5.5. Setting up CouchDB replications

This section shows up the supported way of setting up couchdb replications. It has been validated by the http group, and other possible setups are discouraged.

5.5.1. Replications vs Accessing docs directly

While designing an application that needs the data stored in the central couch, one may wonder why using a replication and not reading or writing docs directly to the central couch.

Using replications has the advantages:

  • You can remove the complexity of error handling and recovering from failures from your agent code since the couchdb takes care of all of that automatically for you;
  • Pooling data locally is easier than remotely.

On the other hand, you would need to be able to deploy/manage a local couchdb instance. Therefore, if it is just a few summary documents you need to collect centrally and you can safely miss some in case of failures, then just make each agent do a normal HTTP GET/PUT request directly into the central DB and get rid of the local couch machinery at all. However, if you already have a local couch for whatever purpose, you should profit from that.

5.5.2. Key design decisions

  1. Do always use bidirectional replication

    Even on cases where your application is designed to only get updates in one direction, you should always use bidirection replication.

    CouchDB internally keeps update sequencies in both endpoints. If you loose the state in the source the endpoints for whatever reason like when you wipe out one of the deployed area), couchdb will restart the update_seq and will fool the other couch endpoint, thus not picking up any updates until you reach the same update_seq you had before. Consider for instance the situation below for a unidirectional replication A->B:

    • endpoint A is in upd_seq #123 -> endpoint B is in upd_seq #123
    • A gets wiped out or loose state for whatever reason
    • endpoint A is in #0 -> endpoint B is in upd_seq #123
    • B will not get any updates until A reaches #123 again

    This is potentially undesirable when you replicate from offsite agents to the central one. Since you can have several agents, chances of loosing the state in one of them is higher.

  2. Replications are always defined offsite

    When defining the replications in the deploy script, do always set them only for the offsite couch variant. This is what is known as the “push mode”. The central couch hosted in CMSWEB cannot authenticate against the offsite instance and additionally the authorization rules are always defined centrally to be under control. The replication engine in the version 1.1.0 currently in use issues all write operations internally as _admin, so the central instance cannot forbit to write documents coming from outside. On the other hand, replications setup offsite can only write centrally if they are authorized by the validate_doc_update function in the central database. The offsite couchdb will use a proxy or service certificate when accessing the central one, thus getting authenticated through the CMSWEB front-ends.
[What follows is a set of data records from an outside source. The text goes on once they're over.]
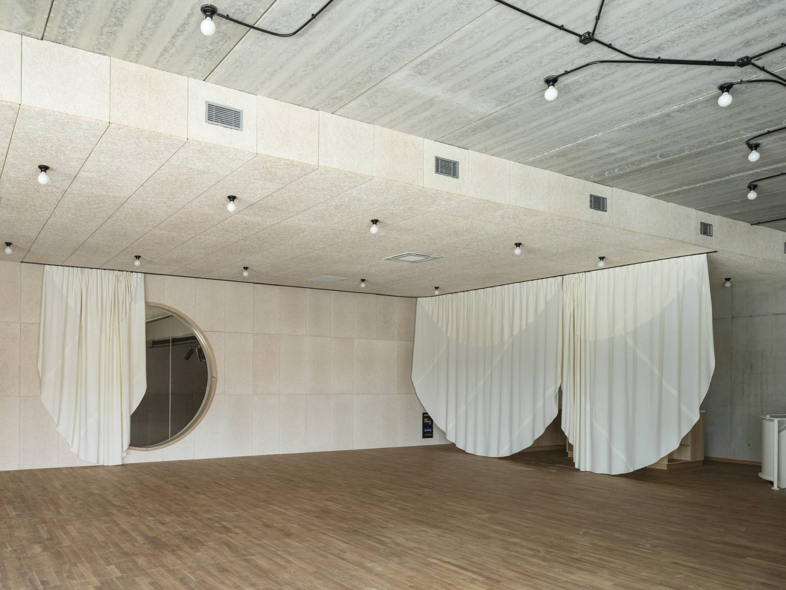 Les espaces intérieurs du Pont des arts sont exemplaires d’une architecture sans revêtement, mais pas sans décoration. À la demande des architectes, Éric Chevalier et Anne Masson ont en effet réalisé de grandes et belles tentures qui sont suspendues à l’entrée des salles de projection. À l’autre extrémité du bâtiment, des rideaux conçus et fabriqués par le tandem bruxellois permettent de partitionner la salle festive sans lui faire perdre son généreux volume, et d’occulter une baie et un bar dans la salle de répétition.
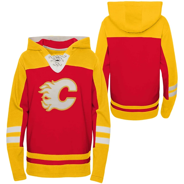 Youth Red Calgary Flames Lace-Up Pullover Hoodie
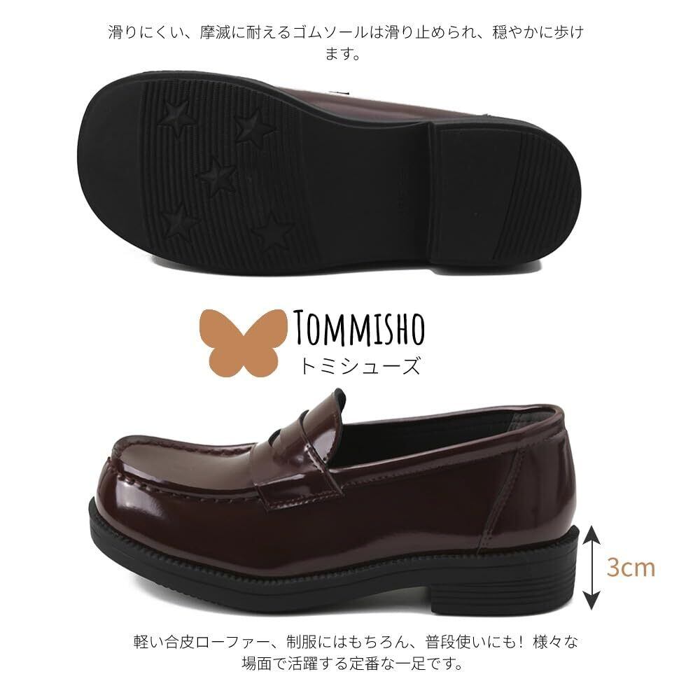 [Tommisho] 女子 学生靴 ローファーレディース スリッポン 防滑 抗菌 防臭 吸水速乾 クッション性インソール 通勤通学 シンプルデザイン トラディショナル 3cmヒール
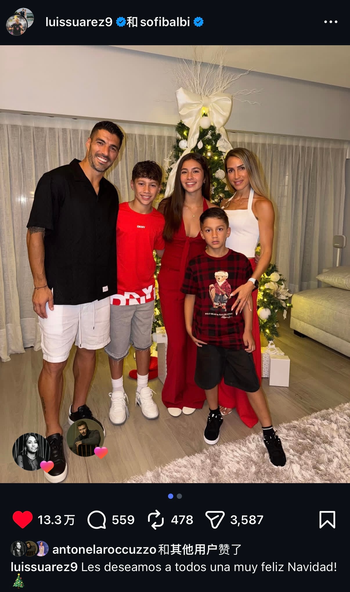 苏亚雷斯更新ins|祝大家圣诞快乐!🎄安妞和小法夫人丹妮埃拉点赞❤️迈阿密国际
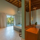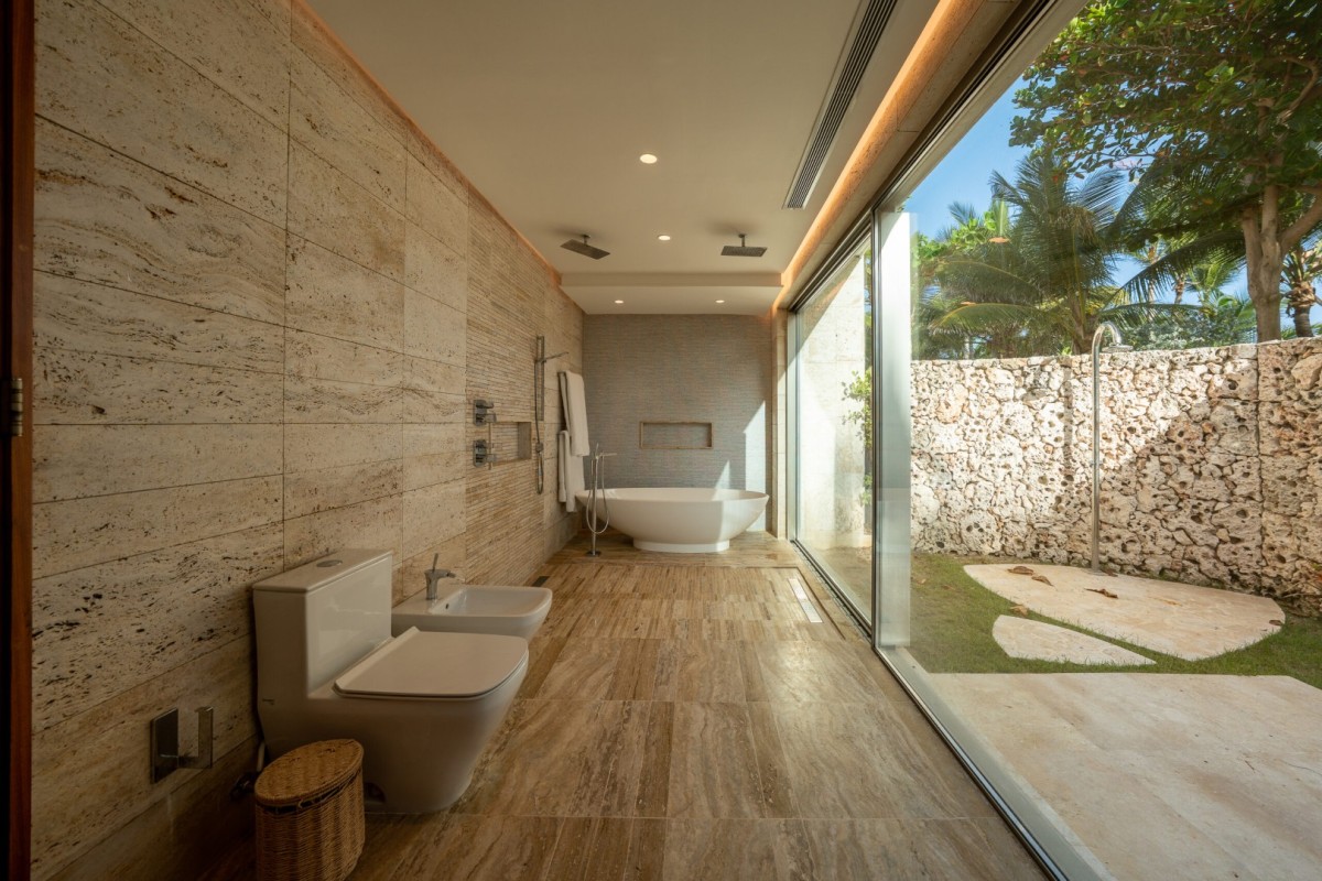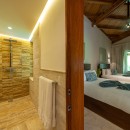 Bedroom 6: Ground floor bedroom with a king-size bed, sitting area, A/C, WiFi, TV, walk-in closet, private patio, and en-suite bathroom with bathtub, outdoor shower, double vanity, bidet and WC. 2 guests maximum
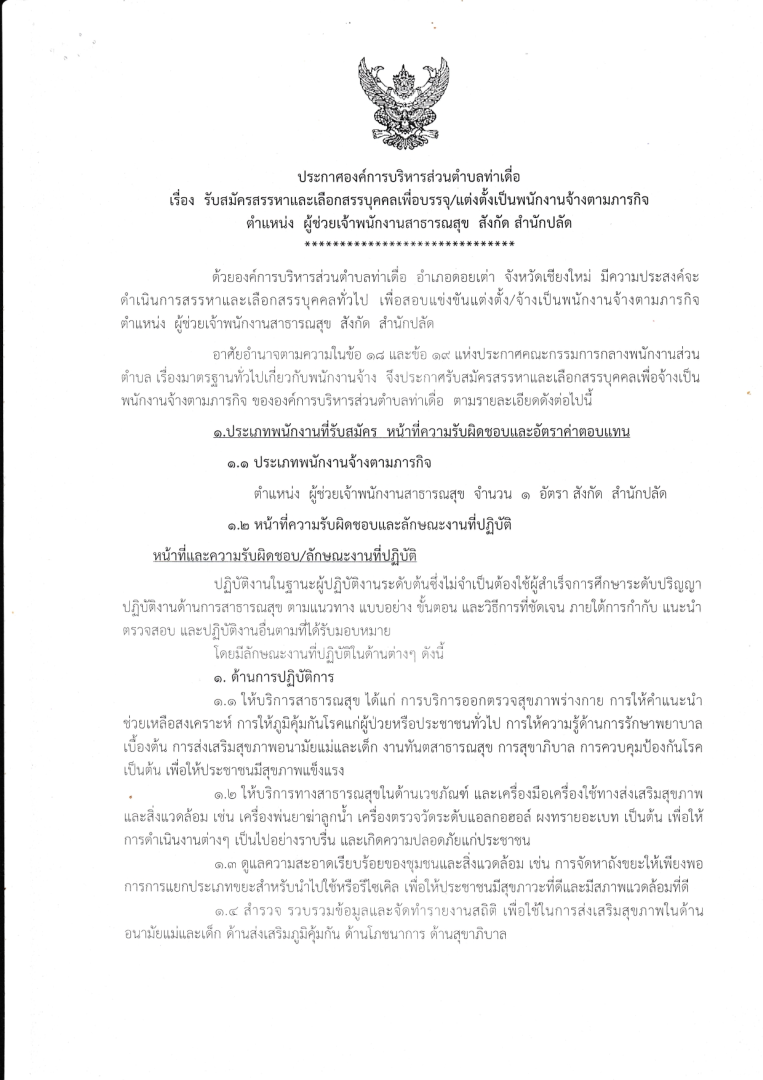 ประกาศองค์การบริหารส่วนตำบลท่าเดื่อ เรื่องผลการสอบคัดเลือกเป็นพนักงานจ้างตามภารกิจ ตำแหน่ง ผู้ช่วยเจ้าพนักงานสาธารณสุข สำนักปลัด
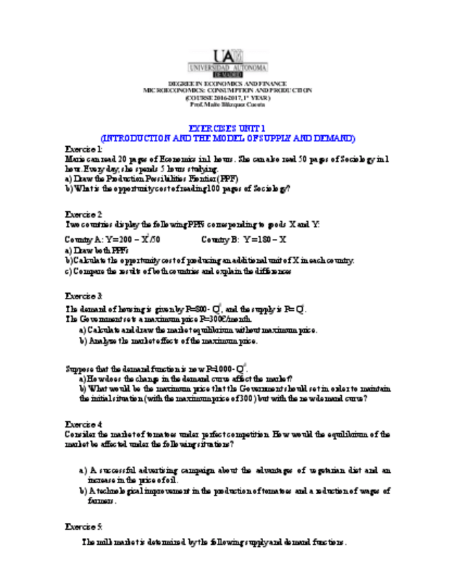 He publicado nuevos ejercicios de 1º Microeconomics: Consumption and Production: Ejercicios Micro u 1-5
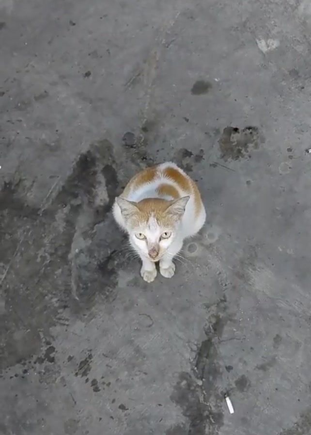 cat sitting on a concrete surface with oil stains and cigarette butts. The cat is mostly white with orange markings on its head and back. The camera then pans away from the cat to show a street at night with a streetlight and trees. A white bag is on the ground in the background.
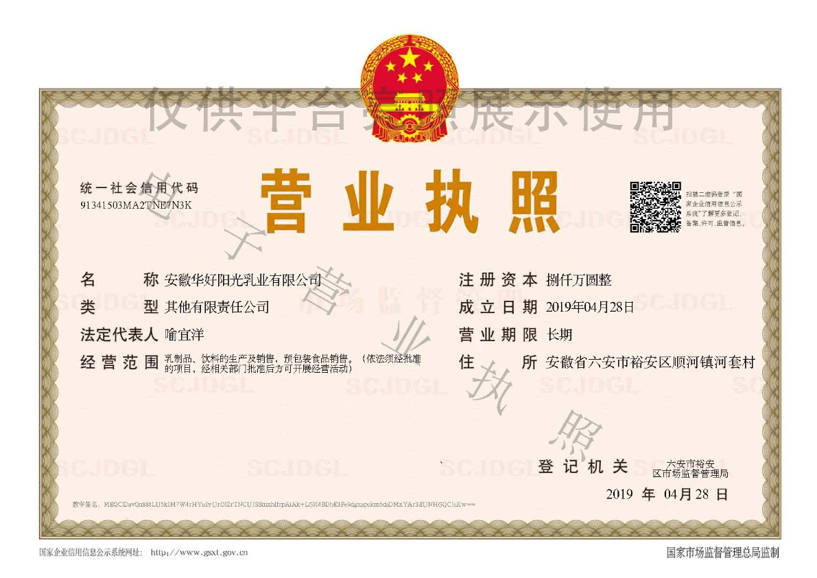 安徽华好阳光乳业有限公司是一家集牧草种植、奶牛养殖、乳品加工、新品研发、市场营销、物流配送为一体的全产业链乳品企业。是江西阳光乳业股份有限公司的控股子公司,总投资5亿元,建设乳制品加工厂、奶牛养殖基地、牧草种植基地。专注奶牛养殖、乳品加工、冷链物流和新鲜牛奶配送入户业务,致力于为客户提供更优质、更新鲜、更安全的牛奶产品。
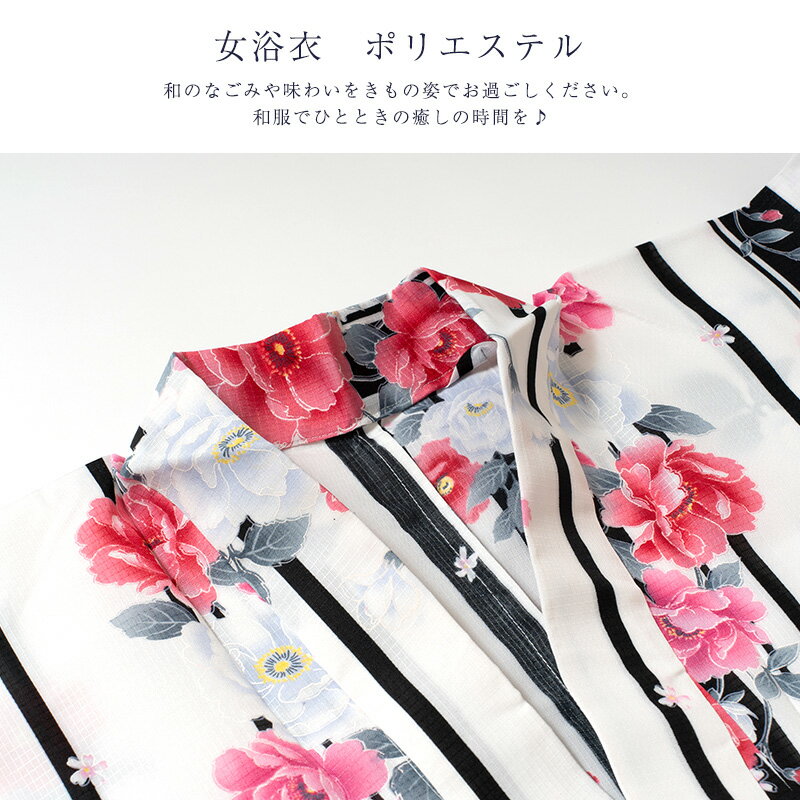 和服でひとときの癒しの時間を♪ サイズ 適応身長:152〜167cm 身丈:約163cm 袖丈:約49cm 裄丈:約67cm 色 白×黒×ピンク(牡丹) 素材 ポリエステル100% 注意事項 できるだけ商品と同じ色目を出すよう努力しておりますが、表示画面等の違いから現物と色の違いが生じる場合がございます。
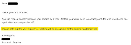 While it is possible that this arrangement may only last for the first semester, Emma also claimed that some of her lecturers have said online lectures will continue until Christmas.
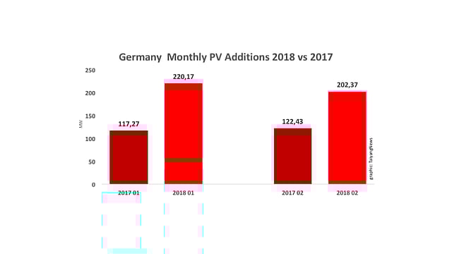After beating new PV additions of the previous 2 years in January 2018, Germany's market has somewhat slowed down again, although it remained above the 200 MW level. In February 2018, Germany's new capacity addition was 202.371 MW, down from 220 MW reported in the previous month (see Germany Hits January PV High Of 220 MW).
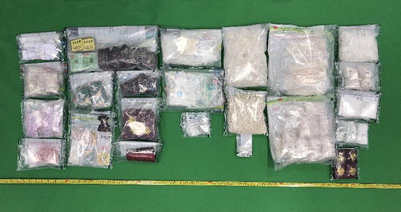 跟進調查後,海關人員押解被捕男子至附近一個酒店單位,再檢獲約二點六公斤懷疑霹靂可卡因、約九百克懷疑氯胺酮、約四百六十粒懷疑搖頭丸、約二百四十粒懷疑硝甲西泮、約十克懷疑大麻以及一批包裝工具。
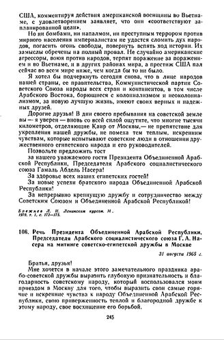 Речь Президента Объединенной Арабской Республики, Председателя Арабского социалистического союза Г.А. Насера на митинге советско-египетской дружбы в Москве. 31 августа 1965 г.
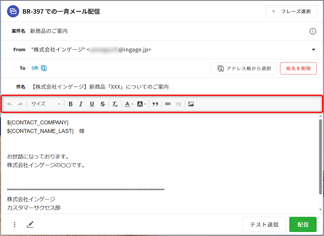 HTML形式の場合、メールの装飾が利用できます。一斉配信の編集画面のデフォルト形式は、「メール作成時の表示形式」のデフォルト設定に応じて選択されます。
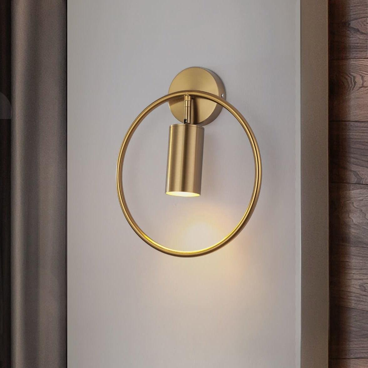 Denna vägglampa i mässing kombinerar det bästa av två världar: klassisk elegans och modern minimalism. Den cirkulära ramen skapar en mjuk form som kontrasteras av den raka ljuscylindern i mitten. Perfekt för att skapa en mysig atmosfär i hallen, vardagsrummet eller sovrummet. Mässingsfinishen tillför en lyxig känsla samtidigt som den fungerar som en diskret inredningsdetalj som kompletterar både moderna och klassiska hem.

  3. Do not replicate design documents

    Design documents should always be filtered out from the replications because they are pretty much an application. Allowing it to replicate means that offsite deployments could “upgrade” the couchapp without going through the standard deployment procedures, therefore not tracking the changes in any VCS.

    This is specially critical in cases where the design document is changed unintentionally, such like due to bugs in the offsite agent, or mistakes by its operator running some cleanup procedure.

  4. Use the _replicator DB, not the _replicate feature

    The _replicate and the _replicator are two independent replication engines inside couchdb. Both had its own set of bugs that were affecting us. For instance, see this query on _replicate bugs in the CouchDB issue tracker.

    At some point, the collaboration had to decide to provide support (fixing the bugs) of either one or another, because it would be a waste of manpower to keep stable releases of both. It was than opted by the _replicator solution because it can keep replications persistent. Therefore, the couchdb RPMs only include patches to the _replicator related bugs, and you should stick with it.

  5. Not all replication features are supported

    As per the same reason why _replicate is not supported, only a subset of the _replicator DB features is supported. To the known use cases of replication inside DMWM, however, the subset of features below is enough.

    • source
    • target
    • continuous
    • filter

    Other features like non-continous replications, proxy, query_params, doc_ids, etc have not been validated. In fact, you’ll always stick with the supported features if following the setup intructions below in this document.

5.5.3. The setup

While defining the dependencies in your deploy script, make it require the couchdb offsite variant:

deploy_myapp_variants="default offsite"
deploy_myapp_deps() {
   deploy couchdb $variant
}

Then put this in post section:

(echo {,https://centralhostname/couchdb/}mydbname mydesigndocname/repfilter
 echo {https://centralhostname/couchdb/,}mydbname mydesigndocname/repfilter
) > $root/state/couchdb/replication/myapp

Where the central host name will mostly likely be cmsweb.cern.ch. Each echo represents a source_db_url target_db_url replication_filter_fucntion tuple. At the bare minimum, the replication filter should contain:

"repfilter": "function(doc, req) {
  return ! doc._id.match('_design/(.*)')
}"

This is already the case when using the couchskel app as a template for starting your new couchapp. There are cases, however, where you might want to extend such a filter so that you replicate only the documents relevant to your offsite application.